What is Context Caching?
Context caching allows you to cache frequently used content (system instructions, large documents, videos) and reuse it across multiple requests, significantly reducing token costs and improving latency.
How It Works
- Create a cache with your repeated content (documents, videos, system instructions)
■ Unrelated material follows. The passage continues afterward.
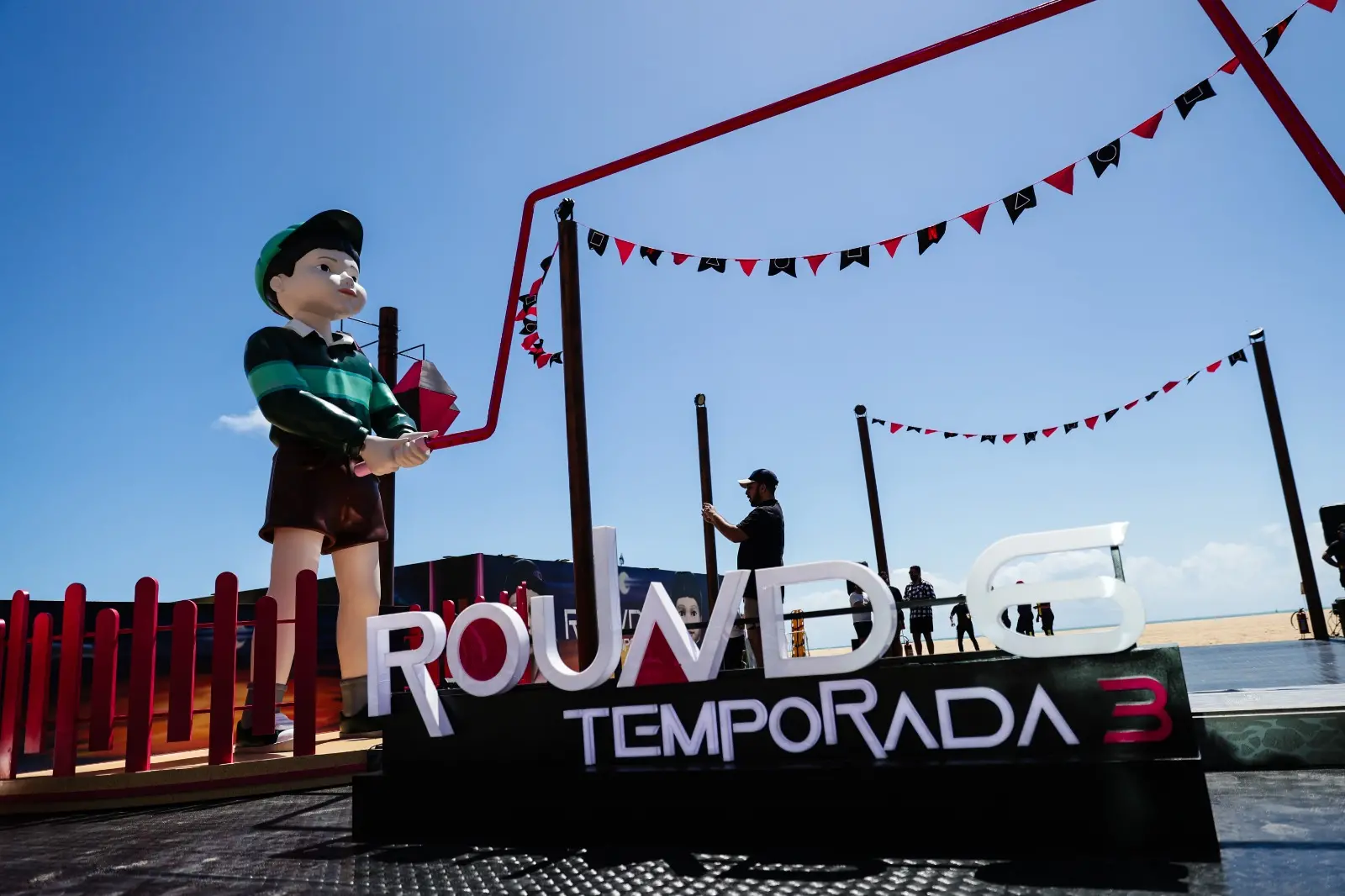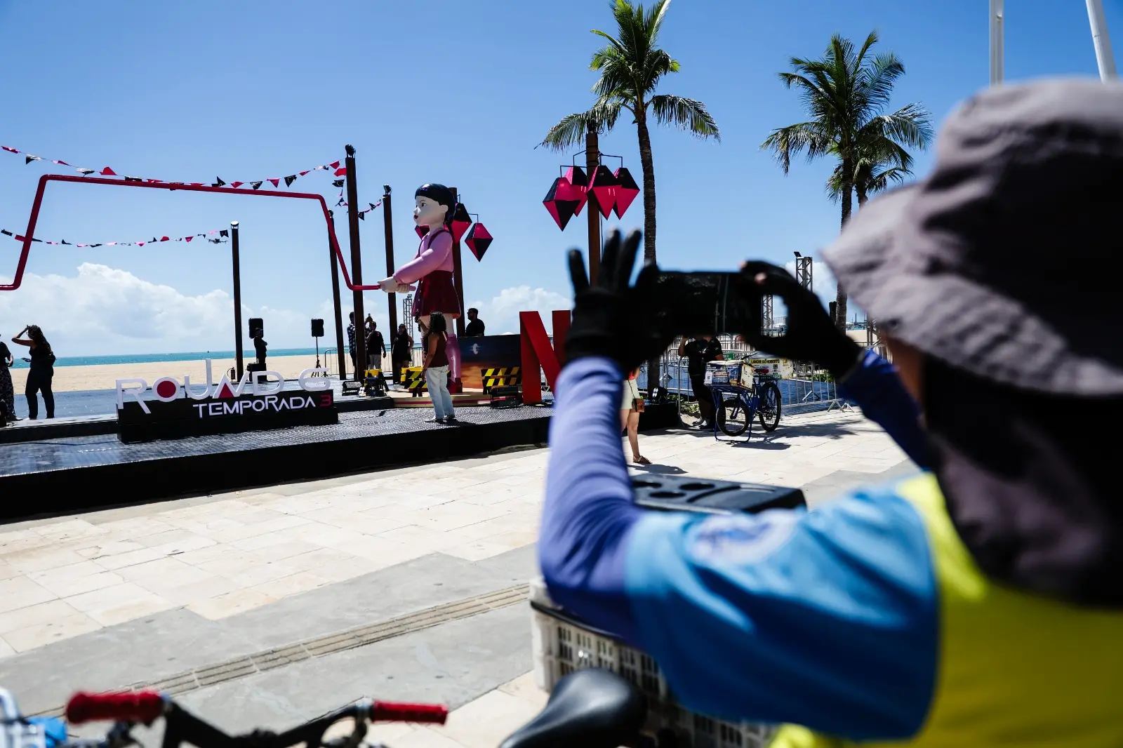 Quem passou pela orla da Beira Mar de Fortaleza, no início da tarde desta sexta-feira (27), foi surpreendido pela presença de dois bonecos gigantes e uma estrutura colorida de pular corda. A Netflix, uma das maiores plataformas de streaming, montou uma estrutura especial na capital cearense para reunir os fãs da série "Round 6", que estreou a 3ª e última temporada também nesta data.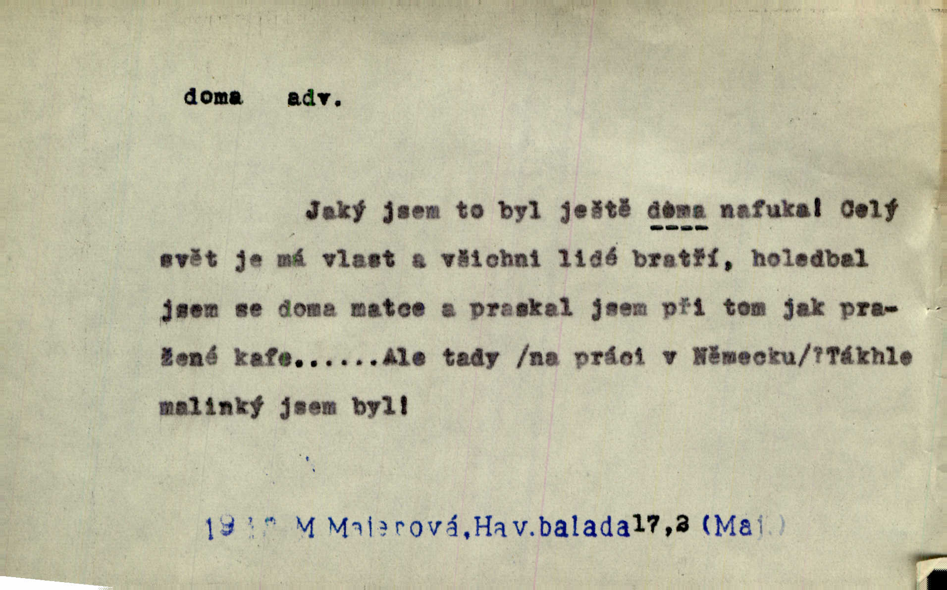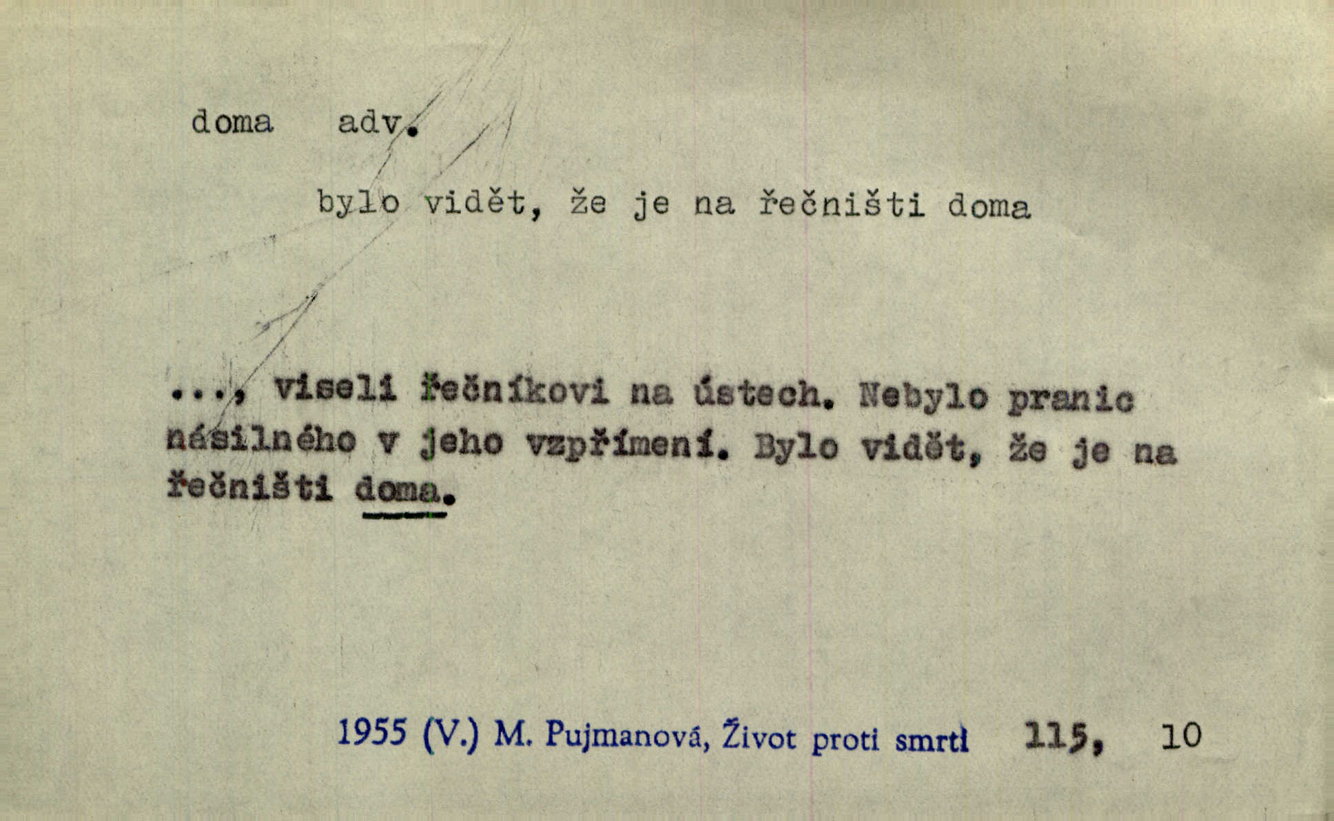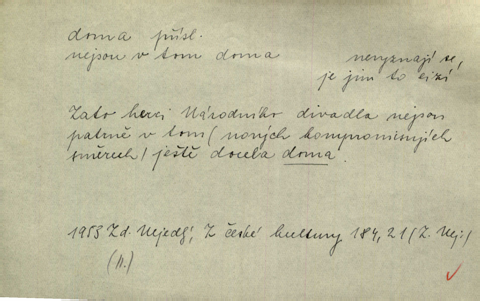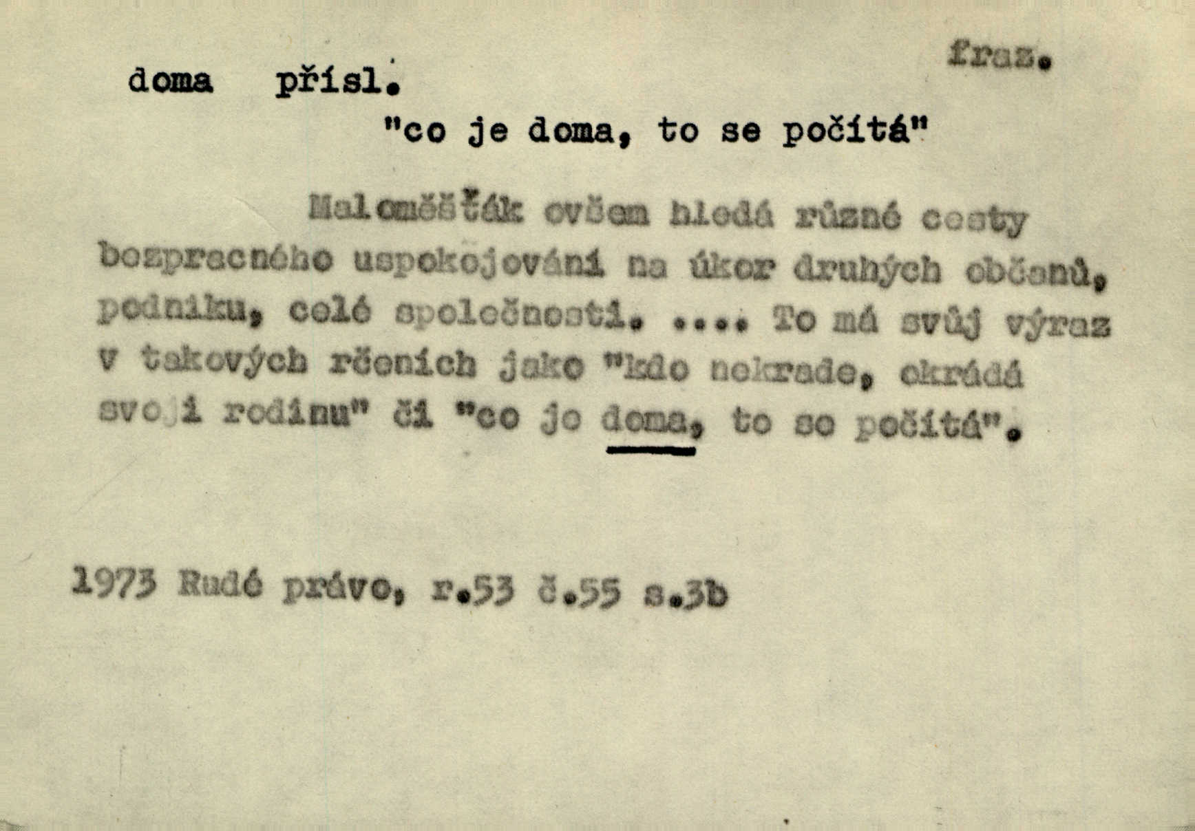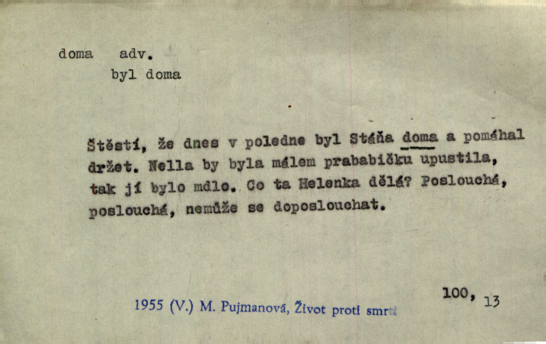 - doma adv. v místě svého trvalého pobytu (v svém bytě, domě, domácnosti, v obci pobytu a p.). Dříve se zpívalo doma i na polích. Jir. V té krajině byla již jako doma, to všechno znala. Jir. Jez doma, co máš, u lidí, co ti dají. Čel. Všude dobře, doma nejlépe. Přísl. [Zloděj] u Lišáků je jako doma často tam dochází. Jir. Každý mleč cítil se ve mlýně doma. Baar. Přen. Kde zněla harfa, doma byla ctnost, tál něhou drsný, bojechtivý jun vládla, sídlila. Vrch. D v své vlasti, v svém státě. Ještě bych nic neříkal, kdyby zůstal zde doma v Čechách; ale musit takhle hned zítra do Netálie! Pfleg. Ze skvostů našich bohatne jen cizina a doma zchudl i svou krví lid. Vlč. D býti doma v něčem vyznati se, rozuměti, pochopiti. Jak slyšela hostův hlas, byla doma. Her. Staruška cítila se jen tehdy doma v rozprávce, když mohla vykládat o lidech s korunkami ve znaku. Preis. I pramilione, vždyť je to Toník, no, nejsem já hned v hlavě doma? Rais. To měla hned na první pohled zjištěno, už věděla, „kde je doma“ na čem je. Hál. D doma neskl. subst. lid. (vlastní) byt, (vlastní) domácnost, domov. Tak, tady budeš teď mít doma! Rais. My tady dnes, tatínku, u vás zůstanem, o doma starost mít nemusíme. Rais. Šaty na doma pro domácí potřebu.

- Set TTL (time-to-live) for cache expiration
- Reference the cache in subsequent API calls
- Pay less - cached tokens cost ~90% less than regular input tokens
Benefits
Cost Savings
- Cached input tokens: ~90% cheaper than regular tokens
- Output tokens: Same price (not cached)
- Example: 100K token document cached → ~10K token cost equivalent
Performance
- Reduced latency: Cached content is preprocessed
- Faster responses: No need to reprocess large context
- Consistent results: Same context every time
Use Cases
- Large documents analyzed repeatedly
- Long system instructions used across sessions
- Video/audio files queried multiple times
- Consistent conversation context
Cache Creation
Basic Cache (SDK)
import { GoogleGenAI } from '@google/genai';
const ai = new GoogleGenAI({ apiKey: process.env.GEMINI_API_KEY });
const cache = await ai.caches.create({
model: 'gemini-2.5-flash-001', // Must use explicit version!
config: {
displayName: 'my-cache',
systemInstruction: 'You are a helpful assistant.',
contents: 'Large document content here...',
ttl: '3600s', // 1 hour
}
});
Cache with Expiration Time
// Set specific expiration time (timezone-aware)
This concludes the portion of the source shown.